Broadcom stock jumped nearly 10% after its September earnings report, when executives revealed they had secured a $10 billion order for custom chips from a new customer. As with Oracle, reports in the following days indicated that the undisclosed customer was OpenAI. But unlike Oracle, Wall Street has become more bullish on Broadcom’s AI business — mostly due to the mid-November launch of Google’s Gemini 3, the tech giant’s first AI model trained exclusively using custom chips designed by Broadcom.

Silicon Valley and Wall Street insiders alike have raved about the model, prompting OpenAI to refocus on improving ChatGPT to fend off intense competition. Google has reportedly discussed selling its custom chips to Meta, boosting confidence that Broadcom can take market share from Nvidia.

Broadcom shares are up nearly 20% since Google launched Gemini, outperforming both the S&P 500, which is up 4%, and the Magnificent Seven, which is up 6%.

What this week’s earnings could mean for AI trading

In a recent note, Deutsche Bank analysts analyzed the assumptions underpinning Wall Street’s outlook for Oracle’s business and stock. “The company gets little, if any, credit for its work with OpenAI at the current stock price of roughly $200,” they wrote. Analysts at Citi expect Oracle to report its backlog grew by $100 billion in the fourth quarter, providing “further evidence that demand for AI infrastructure is broad.”

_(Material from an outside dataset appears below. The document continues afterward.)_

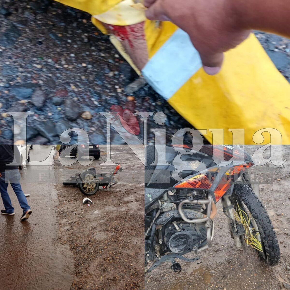 este fuerte accidente  se dio cuando el presidente de la liga bahía circulaba abordo de su motocicleta sobre carretera estatal Minatitlán Coatzacoalcos y derivado del piso mojado por las lluvias que se  sintió durante la madrugada de hoy, en un descuido perdió el control de su unidad motora termino impactando  contra un auto compacto de color negro.

Bank of America earlier this month raised its price target for Broadcom stock, citing improving prospects for Google’s custom chips. HSBC bank analyst Frank Li predicted that Broadcom’s results on Thursday would meet expectations before demand for custom chips and networking accelerates corporate AI business early next year.

However, it may no longer be the case that the rising tide of AI lifts all boats. According to a Goldman Sachs report, the correlation among AI Hyperscaler stocks was about 20% in mid-November, down from 80% in June.

Update — December 9, 2025: This article was updated after markets closed on Tuesday with the latest stock performance data.